Worth reading in full.

South Dakota – the Least Restrictive State in the Western World, Yet Covid Deaths Now Averaging One a Day

As I noted back in March, South Dakota may have taken the least restrictive approach to COVID-19 of anywhere in the Western world. Its conservative governor, Kristi Noem, has been a stalwart opponent of lockdowns: when the state’s epidemic burgeoned at the end of August, there were practically no restrictions in place. Despite this, case numbers fell rapidly after reaching a peak in mid November. And by late February, they were in the low triple digits.

How has it fared since then? Case numbers have remained low, averaging about 170 per day:

And deaths have continued to fall. The last seven days saw an average of just one death per day:

Although South Dakota has the eighth highest death rate among US states, its epidemic retreated without any government intervention. (And no new restrictions were introduced in March or the first week of April.)

What’s more, South Dakota has done better economically than most other states and Western countries. According to the Bureau of Economic Analysis, its GDP fell only 1.7% in 2020 – the seventh lowest among US states. (Britain’s GDP plunged nearly 10% last year.) In addition, South Dakota currently has the lowest unemployment rate out of all 50 states – at just 2.9%.
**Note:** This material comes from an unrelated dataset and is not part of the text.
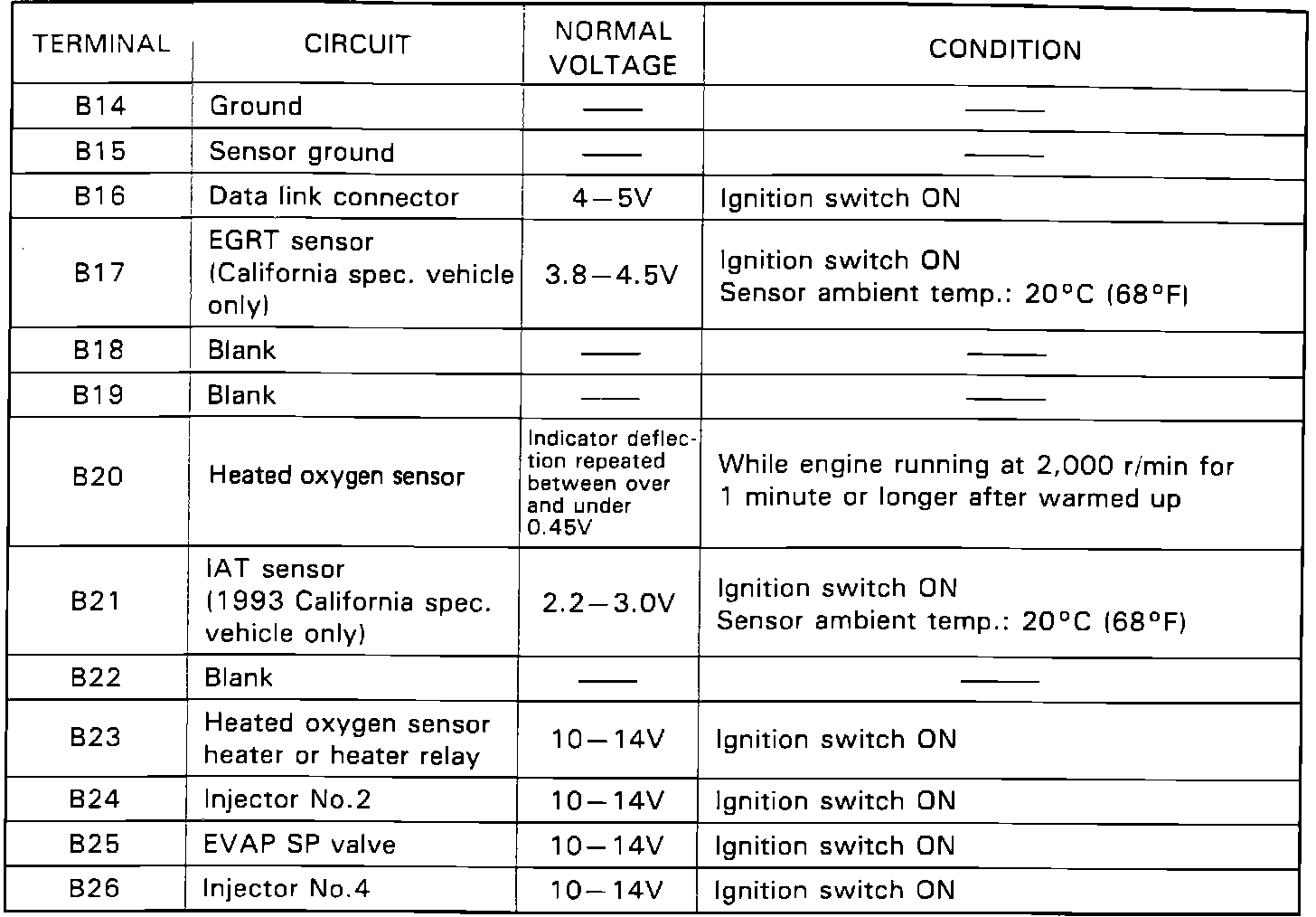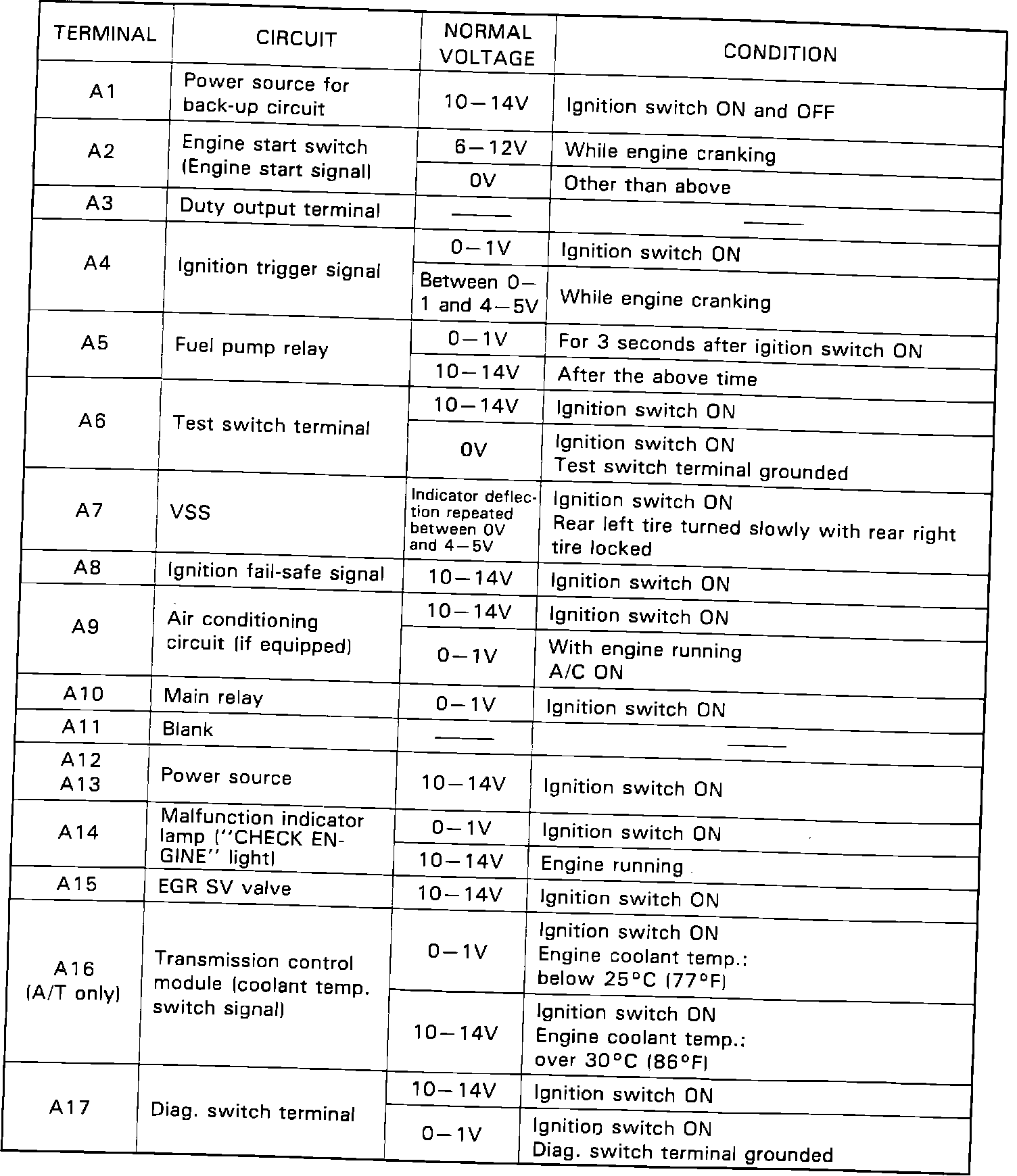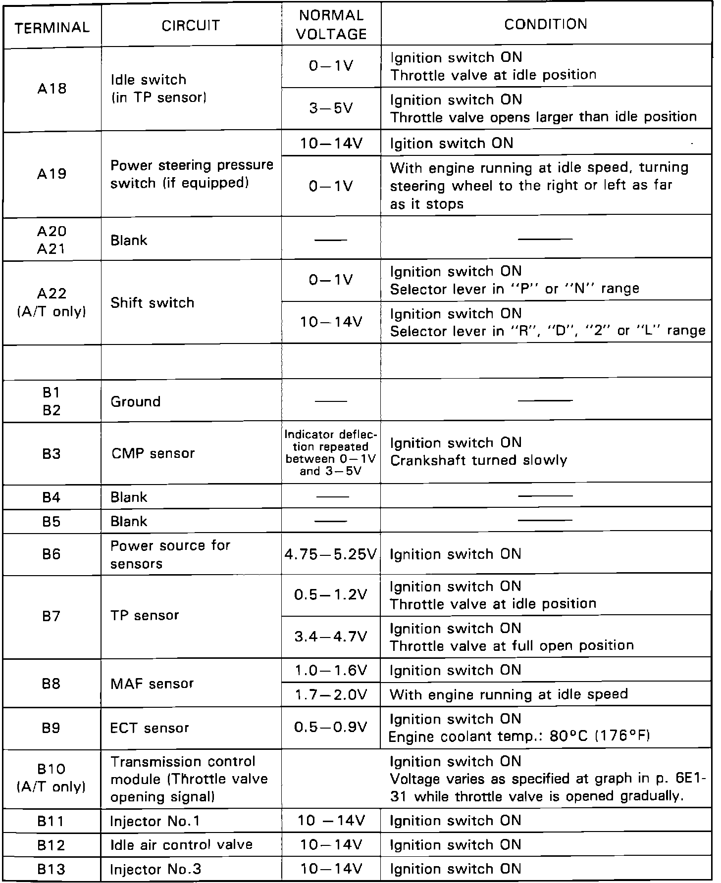 ECM Terminal Voltage Values:

One might say, “You can’t equate GDP and unemployment with human life”, but that simply isn’t true. The money to pay for the NHS (and programs like Medicare and Medicaid in the US) comes from taxing economic activity: the less economic activity, the less money there is available. And that’s before you even factor in the social costs of unemployment and bankruptcy.

One should be cautious about extrapolating from South Dakota to countries like Britain, given the state’s low population density. However, the trajectory of its epidemic casts serious doubt on the models that led us into lockdown.